Charter advocates point out that some gains, such as a changed culture or stronger relationships, may not register on standardized tests. Champs has become a family, said special education teacher Rubyat Kibria, whose cell phone is loaded with students’ numbers. That closeness can help motivate students whose families may lack the same family encouragement and interest in college and schoolwork as professors’ kids in University City, Munn said. One sophomore who had bounced between at least three high schools in the last year said she had found a home in Champs.

“Teachers at some other school could have, like, 1,000 students a day,” said Ivonne Herrera, who came to Champs this year. “Here I can trust my teacher as a friend.”
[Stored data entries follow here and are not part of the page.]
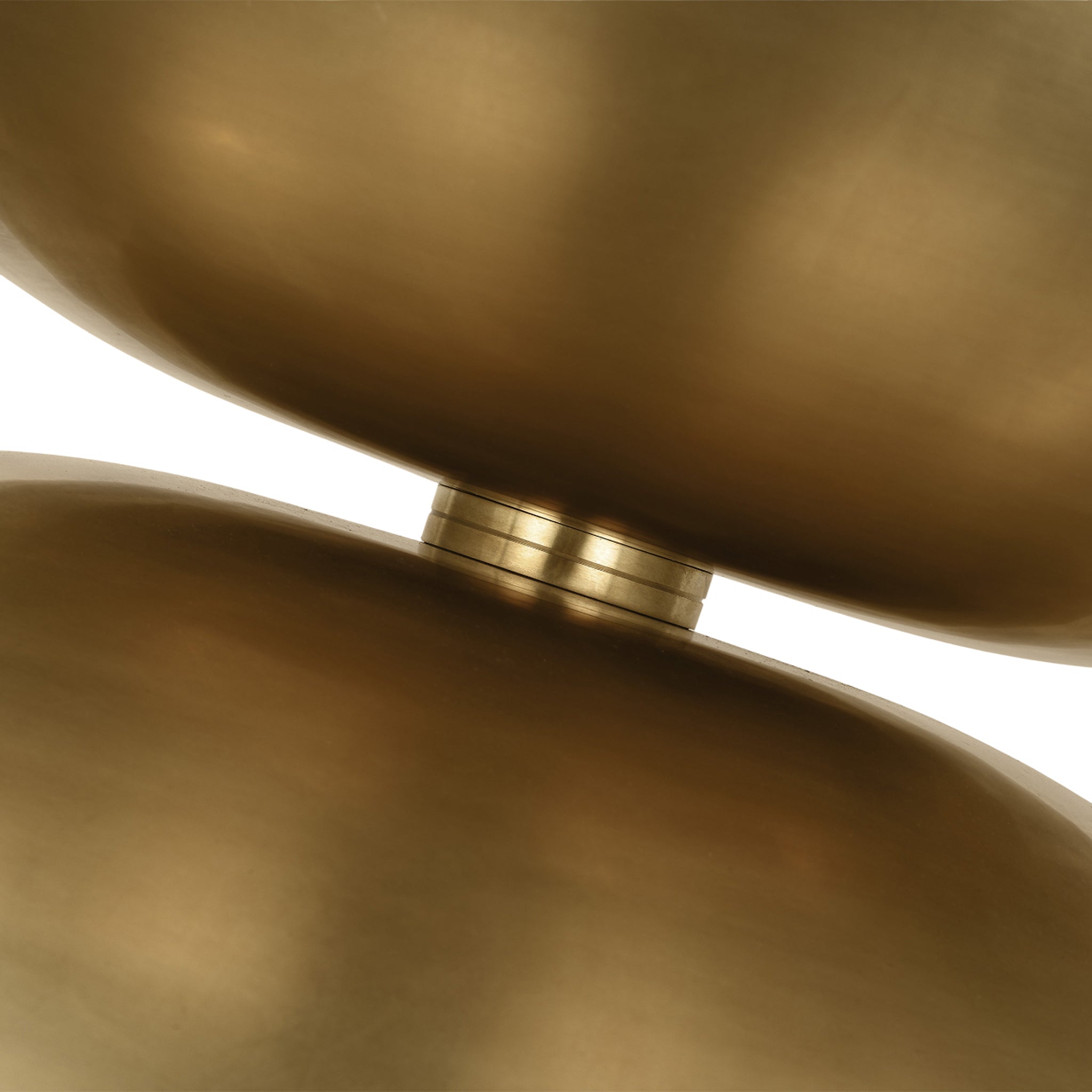 "The Shanti by Sean Lavin is a statement-making piece you’ll want to set the tone in your foyer, living room, or dining room. The design presents a fresh visual you can indulge in from any angle you look at it. Hanging from the end of a simple stem is a set large spun metal-shaped shades. Light sends the piece to another level as the multi-directional bulbs glaze the structure while creating a warm, radiant glow. Integrated LED modules bring the metal to life as they emit a bright and even layer of light through the top and bottom of the piece.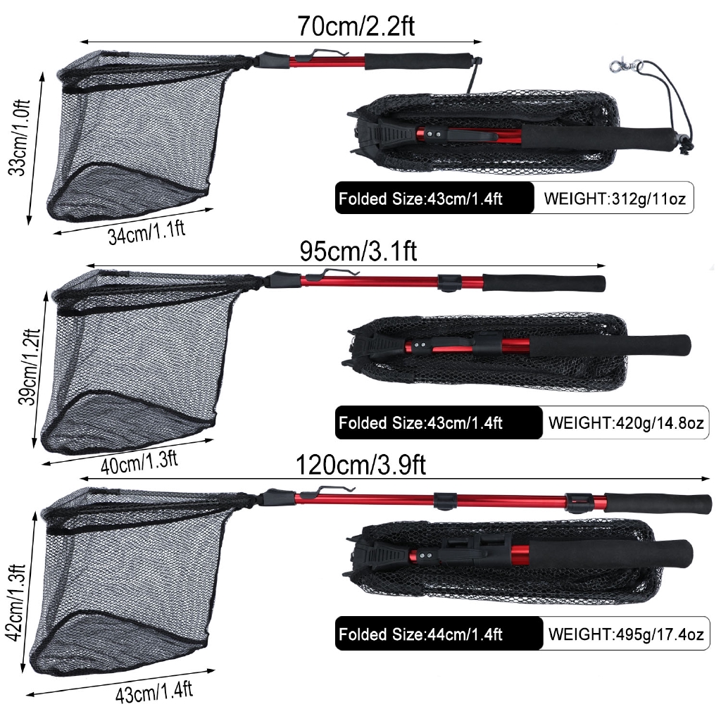 Sougayilang Fishing Net Landing Triangular Folding Net Telescoping Pole Rubber Coated Net Network (57cm/95cm/115cm)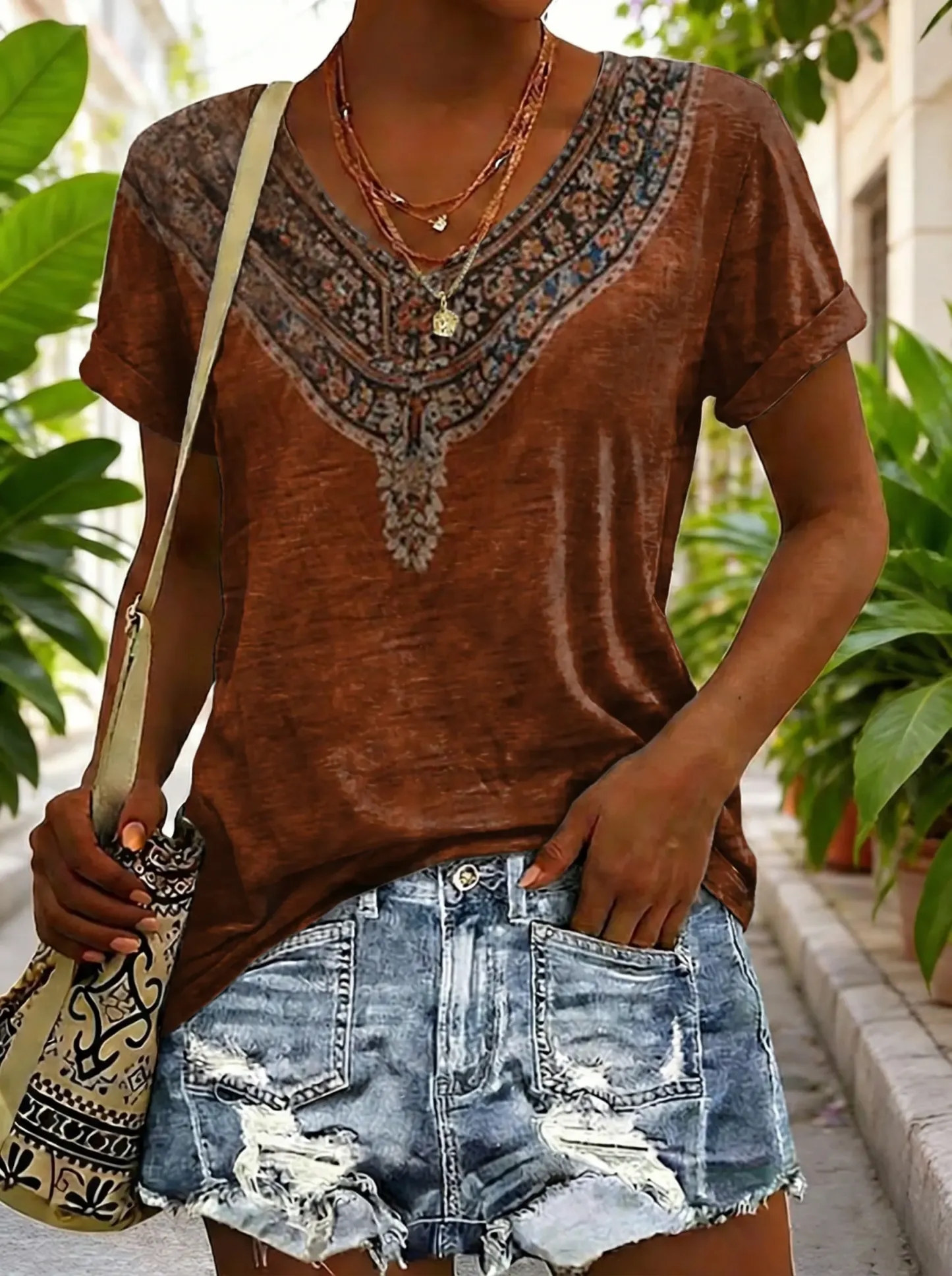 Women's Retro Ethnic Totem Art Print Casual V-neck Short-sleeved Cotton T-shirt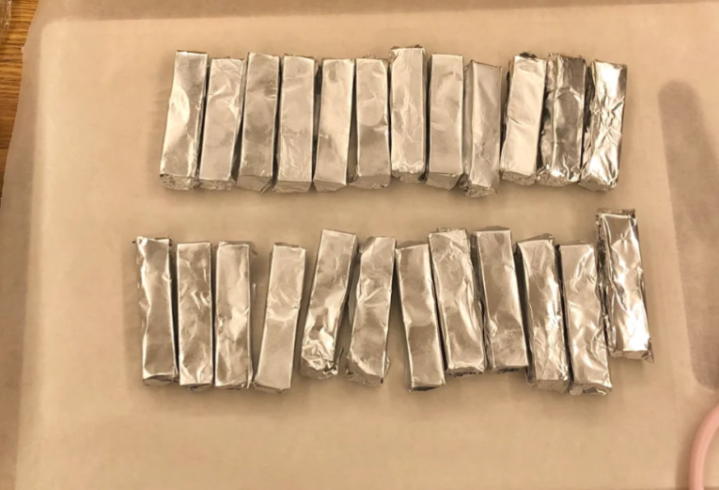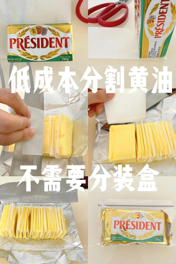 大家只需要提前按餐将黄油或者是奶酪切好,然后使用洗干净并晾干的铝膜纸包好后,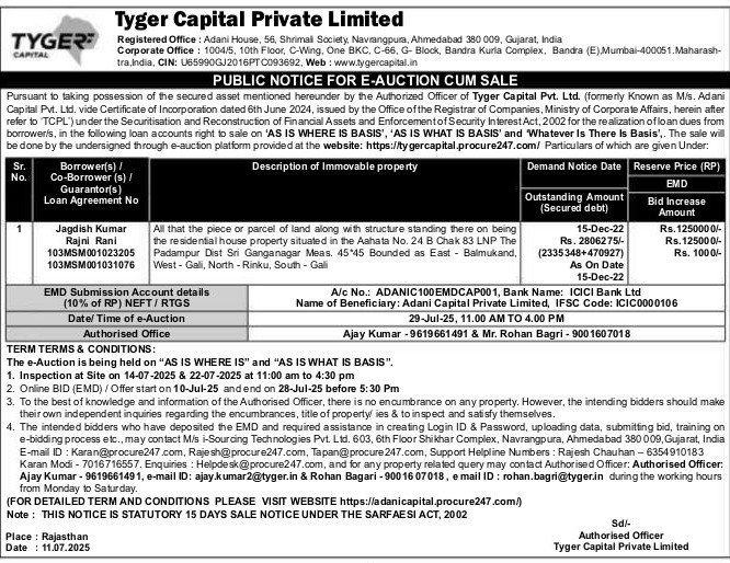 All that the piece or parcel of land along with structure standing there on being the residential house property situated in the Aahata No. 24 B Chak 83 LNP The Padampur Dist Sri Ganganagar Meas. 45°45 Bounded as East Balmukand. West-Gali, North-Rinku, South - Gali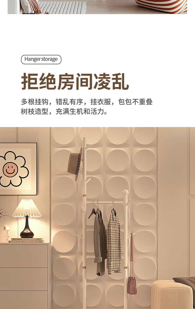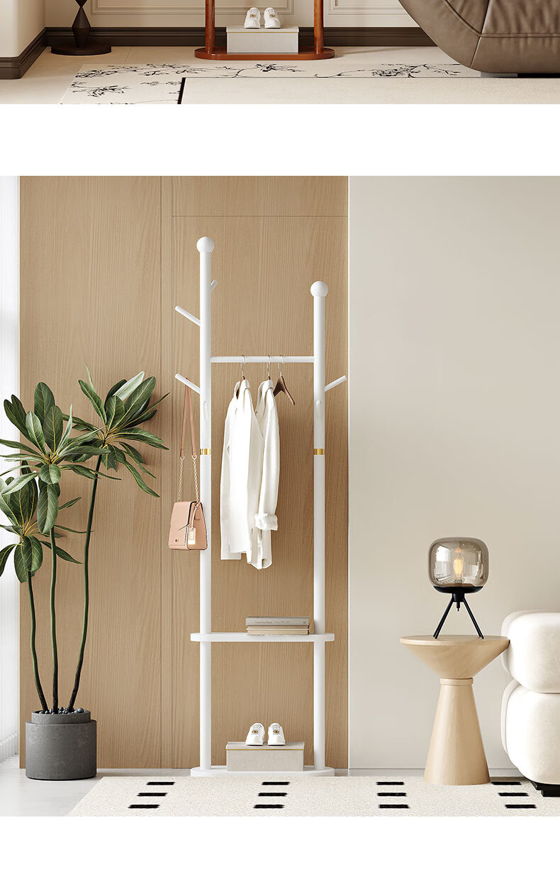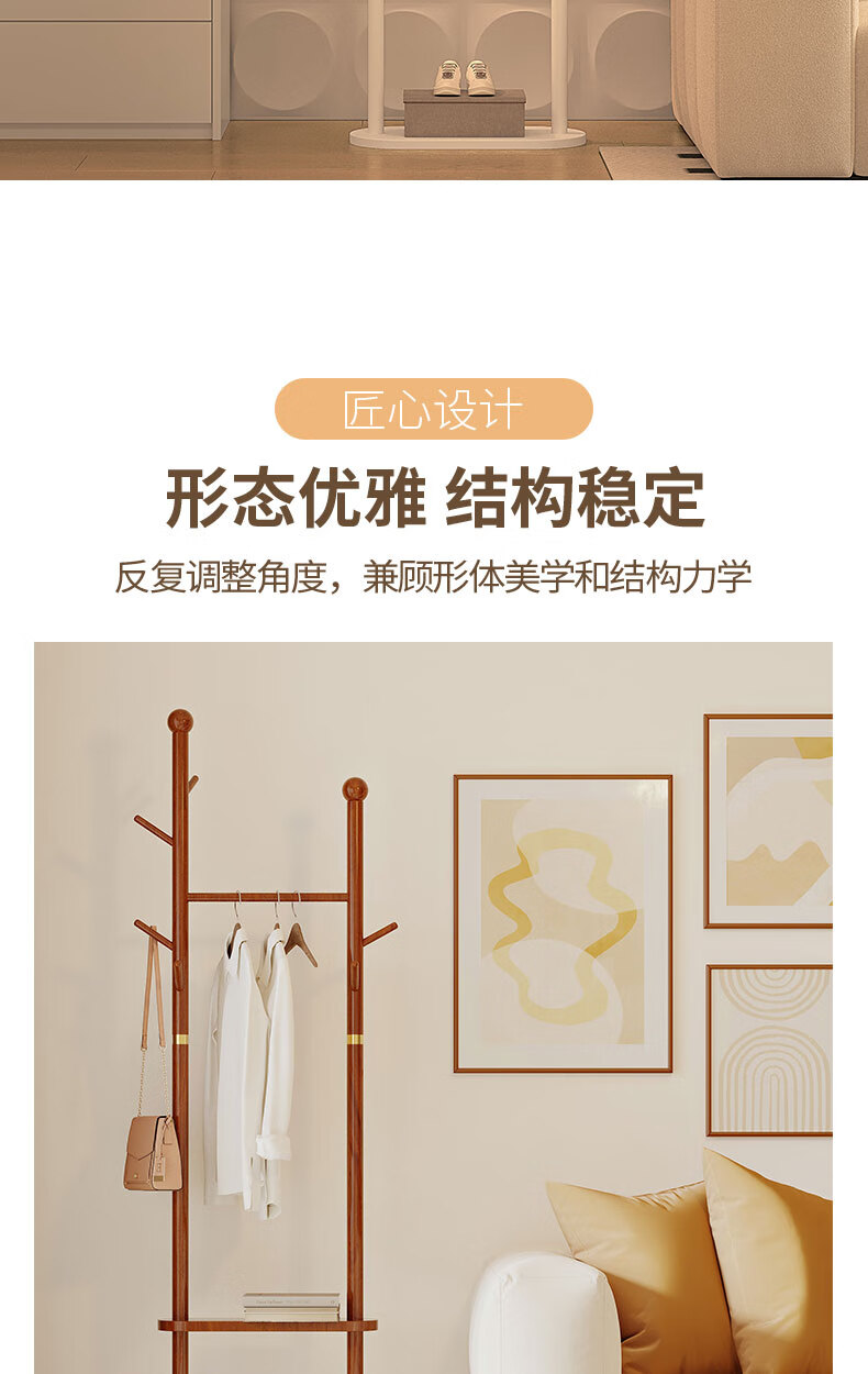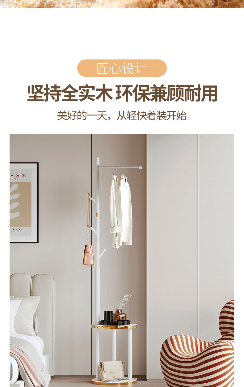 Miaoli solid wood clothes hanger floor-standing coat rack room storage bedroom clothes hanger indoor home vertical clothes storage rack single layer oval plate-walnut color solid solid wood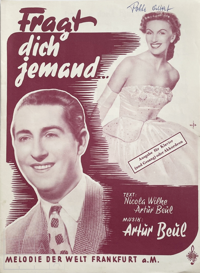 vö. 1952 Melodie der Welt Noten(Klavier/Akkordeon/Gesang) [M.d.W. 3594] Fragt dich jemand... Verlag Melodie der Welt: Frankfurt a.M. 1952. Fragt dich jemand [ggf. Bemerkungen] [ggf. sonstige Bemerkungen]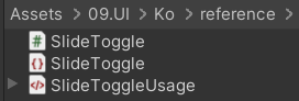 그리기 위해 일단 SlideToggle이라는 풀더(정리를 위)를 만들고 그 안에 SlideToggle라는 스크립트를 만들자.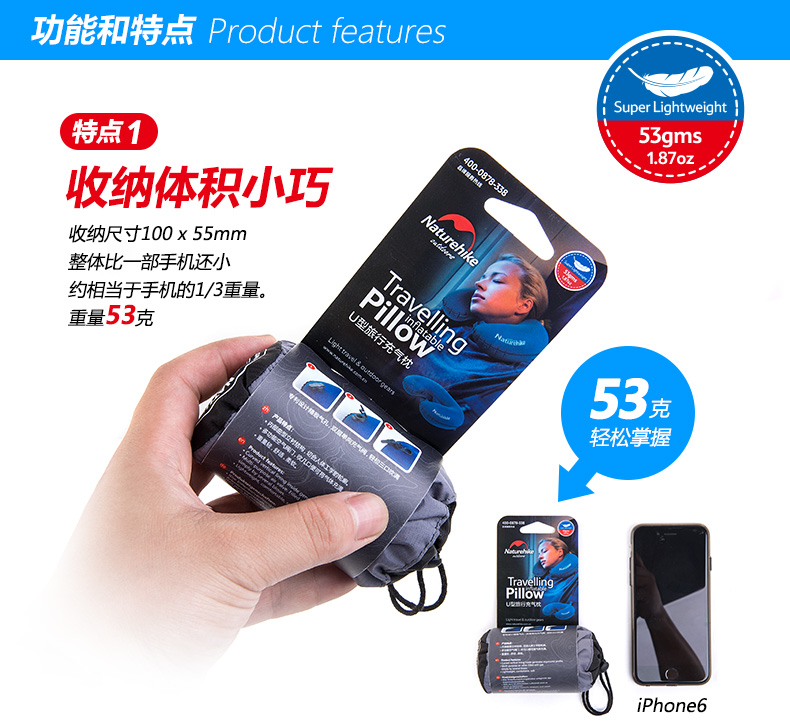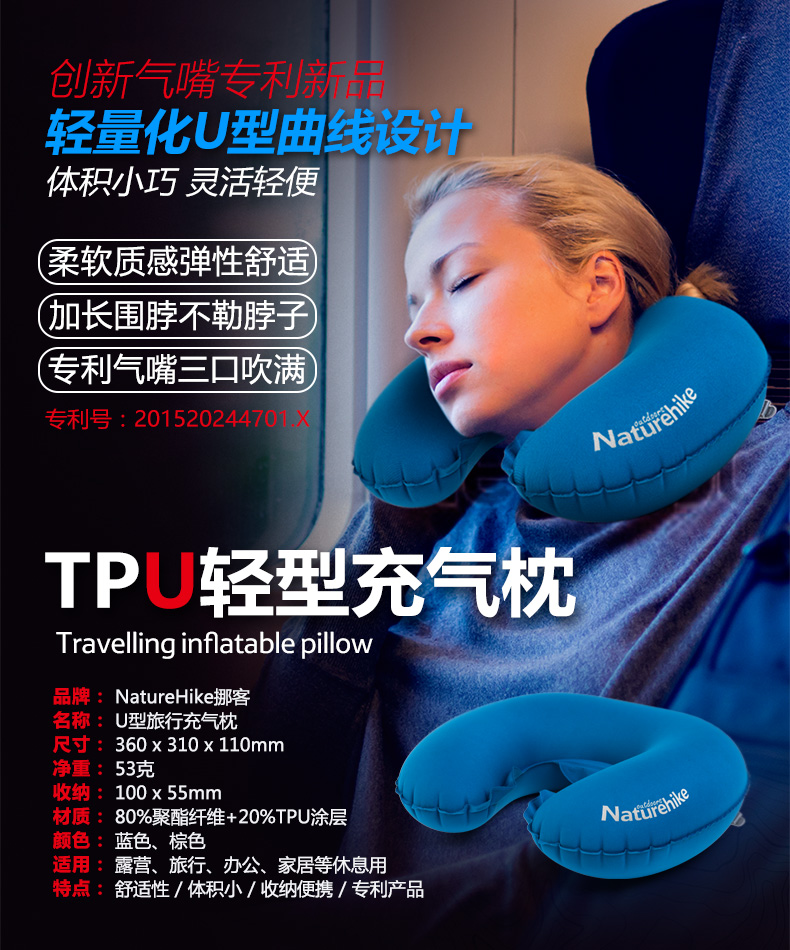 商品名称:Naturehike 旅行U型充气枕头 飞机靠枕 办公室U形午睡枕 超轻脖枕 企业员工福利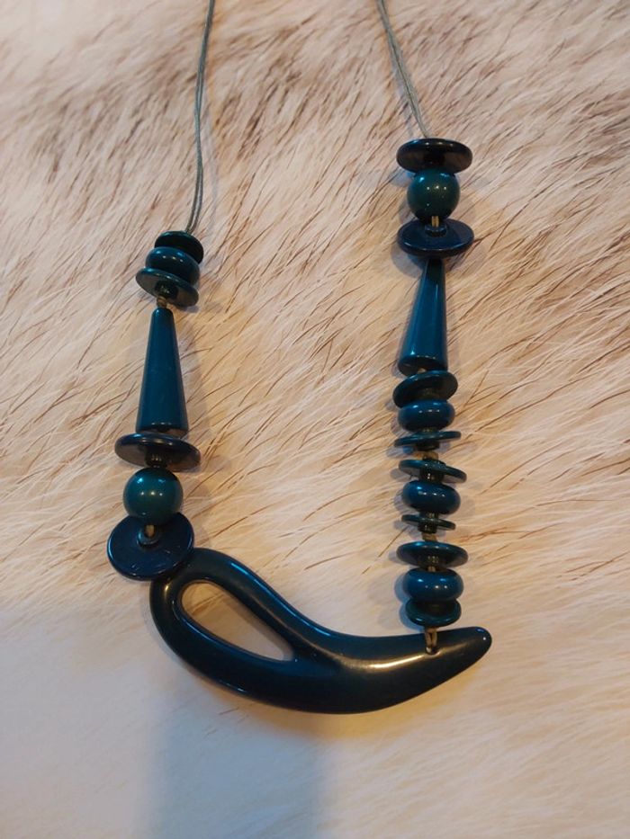 Sautoir neuf bleu canard perles rétro vintage année 70' - photo numéro 1
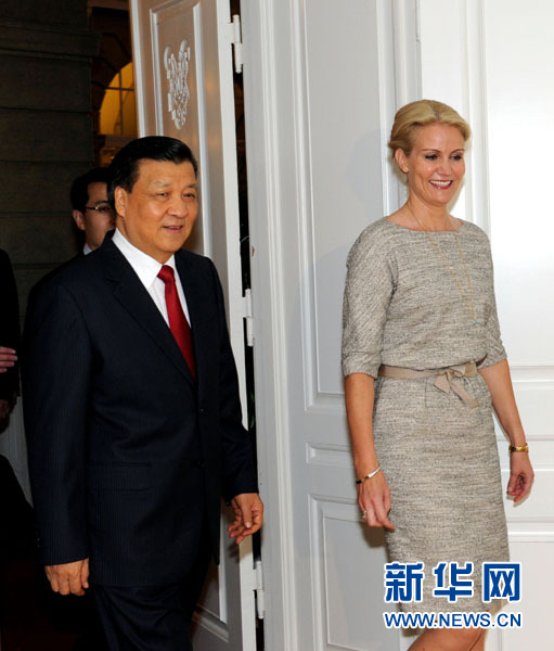 ??? 6月11日,正在丹麥進(jìn)行正式訪問的中共中央政治局常委、中央書記處書記劉云山在哥本哈根會(huì)見丹麥?zhǔn)紫?、社民黨主席托寧-施密特。 新華社記者饒愛民 攝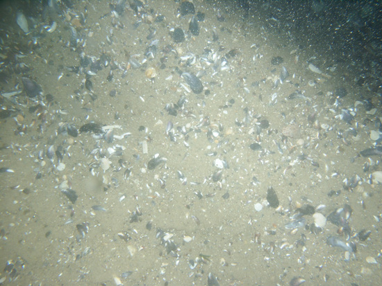 | QH43 / Rippled sand with scattered gravel. Abundant shell fragments (mostly quahog). Moon snails and their casings are present. | ||||

“I can talk to my principal every day,” added Muna Afpali, a junior. “You want to be here.”

And its proponents say that digging deeper into the school data reveals gains hidden in their overall test scores. Math teacher Jonathan Winn said that by crunching the state numbers he discovered that a higher percentage of Champs students score “basic” or above on standardized introductory algebra tests than students in other San Diego Unified schools.

Recreating his findings is difficult, but it is evident that mathematics is Champs’ strength. The school has developed its own math curriculum, relying on less wordy texts to transmit the universal language of math. It is drilling students on basic study skills that may be as foreign as English, enrolling every 9th and 10th grade student in a special class where students study quietly and their planners and binders are scrutinized by teachers for organization.

And it has drawn the interest of students by linking lessons to lucrative, fulfilling careers in medicine. Medical prefixes such as “cerebro,” “osteo,” and even “lymphat(o)” speckle the classroom where Ellie Vandiver, a registered nurse and teacher, helps teens build double helixes out of red licorice and neon marshmallows. Advanced classes learn to read vital signs and transfer patients into a wheelchair using a model hospital bed. Champs is working, Munn said, and going charter could keep it that way.

“It feels like the logical next step for the evolution of the school,” he said.